From page 3 of LTL-307EE datasheet, we know that the LED typical forward voltage (when it's on) is 2.0V. Since D1 is wired in parallel with R2, R2 shares its voltage as well. Since R1 is in series with R2, the voltage drop across R1 and R2 is the same as the voltage provided by the V1 source. So we have:

$$V_{D1} = V_{R2} = 2V$$ $$V_{R1} + V_{R2} = 3V$$

From these two equations above we get that: $$V_{R1} = 1V$$

From Ohm's Law, \$V=RI\$ or \$I=V/R\$, we can calculate the currents: $$I_{R1} = V_{R1} / R1 = 1V / 1k\Omega = 1mA$$ $$I_{R2} = V_{R2} / R2 = 2V / 200\Omega = 2.5mA$$

But from the conservation of current, we know that:

$$I_{R1} = I_{R2} + I_{D1}$$

and

$$I_{D1} = I_{R1} - I_{R2} = 1 - 2.5 = -1.5mA$$

That means there should be a current of \$1.5mA\$ going against the diode. But since \$D1\$ is a diode, we know it cannot conduct when reverse biased (assuming an ideal diode, that is).

There's a contradiction that tells us that the LED isn't on.

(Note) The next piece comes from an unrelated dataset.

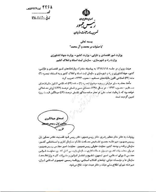 ضمنا در مواردی که میزان ارزش معاملاتی املاک توسط دستگاهها و سایر مراجع قانونی از ادارات امور مالیاتی استعلام میشود، موضوع ضرورت رعایت نصاب یادشده را در پاسخ به استعلامات مربوط مورد تأکید قرار دهند. این مصوبه از سوی اسحاق جهانگیری معاون اول رییس جمهوری برای اجرا ابلاغ شده است.
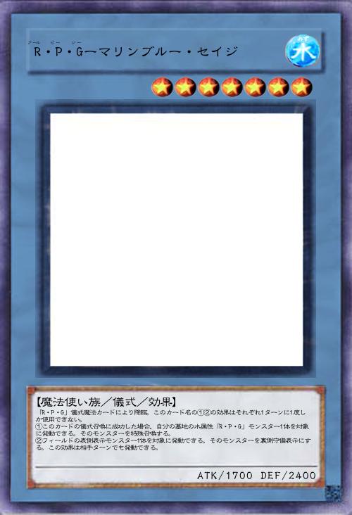 | 「R・P・G」儀式魔法カードにより降臨。このカード名の①②の効果はそれぞれ1ターンに1度しか使用できない。 ①このカードの儀式召喚に成功した場合、自分の墓地の水属性「R・P・G」モンスター1体を対象に発動できる。そのモンスターを特殊召喚する。 ②フィールドの表側表示モンスター1体を対象に発動できる。そのモンスターを裏側守備表示にする。この効果は相手ターンでも発動できる。 | |||

Now, assuming the LED isn's on, we can replace it with an open circuit and solve the problem:

$$I_{R1} = \frac{V1}{R1 + R2} = \frac{3}{1000 + 200} = \frac{3}{1200} = 2.5mA$$

$$I_{R1} = I_{R2}$$

$$V_{R2} = R2 \times I_{R1} = 200 \times 2.5mA = 0.5V$$

$$V_{D1} = 0.5V$$

Just like you measured.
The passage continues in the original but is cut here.